Дженет сидела передо мной в кресле так прямо, что можно было подумать, что под одеждой она носит жесткий корсет. Ее речь звучала неестественно, как будто она старательно пыталась имитировать аристократические манеры, ей не свойственные. Ее слова и жесты казались просчитанными, выверенными, но не производили должного эффекта. Все это казалось… в лучшем случае, странным. Я невольно испытывала неловкость и внутренний протест, и только теперь начала понимать, почему Елена была в таком отчаянии, что решилась сжечь свои стихи.
– Да, когда я удаляю какие-то фразы, они исчезают навсегда, но это всего лишь часть писательского процесса, я делаю это не со зла, не из желания все уничтожить. Моя цель – улучшить свою работу, а не уничтожить ее совсем. И даже если я должна удалить целый файл нажатием клавиши, я ни в коем случае не подвергаю опасности людей, с которыми живу рядом.
– То есть, вы хотите сказать, что если бы Елена разорвала плоды своих многолетних трудов на мелкие клочки, тихо сидя в своей комнате, вас бы сейчас здесь не было? – Она чуть кивнула головой, соглашаясь с какими-то своими мыслями.
Я чувствовала себя так, будто сижу на экзамене, который, без сомнения, провалю, несмотря на лежащую передо мной шпаргалку. Я просто не собираюсь ее использовать.
– Именно. Скорее всего, я бы не пришла. Возможно, я даже не узнала бы, что она это сделала. Как вы уже сказали, я ей не нравлюсь. Она мне не доверяет. Мы с ней вовсе не подруги. Я никогда не читала ее стихов, но даже если бы и читала, мне не должно было быть дела до того, уничтожила она их или нет, и я сильно сомневаюсь, что она сообщила бы мне, если бы сделала это.
Знаете, в нашем доме есть камин. И я полагаю, что в комнате Елены имеется мусорное ведро. Но она принялась жечь свои записи на улице, прямо перед нашим домом. Поэтому я имею все основания полагать, что она сделала это намеренно, желая, чтобы кто-то узнал обо всем и остановил ее. Или для того, чтобы кто-нибудь просто побеспокоился о ней, потому что, согласитесь, бросать бумаги в огонь – это какая-то уж чересчур бурная и неестественная реакция на неудачный день.

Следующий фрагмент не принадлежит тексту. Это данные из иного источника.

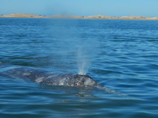 We literally hopped in Jose’s boat at the hotel.  Right there on the street.  Then Jose drove to the bay and launched.  We never moved a muscle.  Soon we were on our way and within minutes surrounded by gray whales.  Its whale watching season on the Pacific side of Baja and this big female had a baby near.

– Вы правы, – произнесла Дженет. Она положила в рот печенье, потом еще одно. – Вы непременно должны их попробовать. Полагаю, лучше взять подарок, раз уж он предложен.
Я покачала головой. Она хоть и не Белая Колдунья из «Хроник Нарнии», предлагающая рахат-лукум, но для меня ее угощение все равно имело бы привкус предательства.
– Я все еще не понимаю, что я тут делаю. Обсуждение того, что и как я испытываю, когда нажимаю клавишу «Удалить», не принесет Елене никакой пользы.
– И это мешает вам принять угощение? – Она приподняла бровь. – Я же сказала, что очень любопытна. Правда, теперь, уже в меньшей степени.
Организация работы в «Мелете» – вернее, ее отсутствие – не позволяет мне постоянно следить за ней. Она не имеет передо мной никаких обязательств, как ученица, и у нас нет профессиональных отношений, чтобы я могла воздействовать на ее поведение. Полагаю, она не испытывает ко мне особой симпатии. Мы с ней не близки, да это и лишнее. Я ее наставница, а не подруга, и моя обязанность – просто помогать ей в ее творчестве. Тем не менее, благодарю вас за то, что сообщили мне о ее нервном срыве.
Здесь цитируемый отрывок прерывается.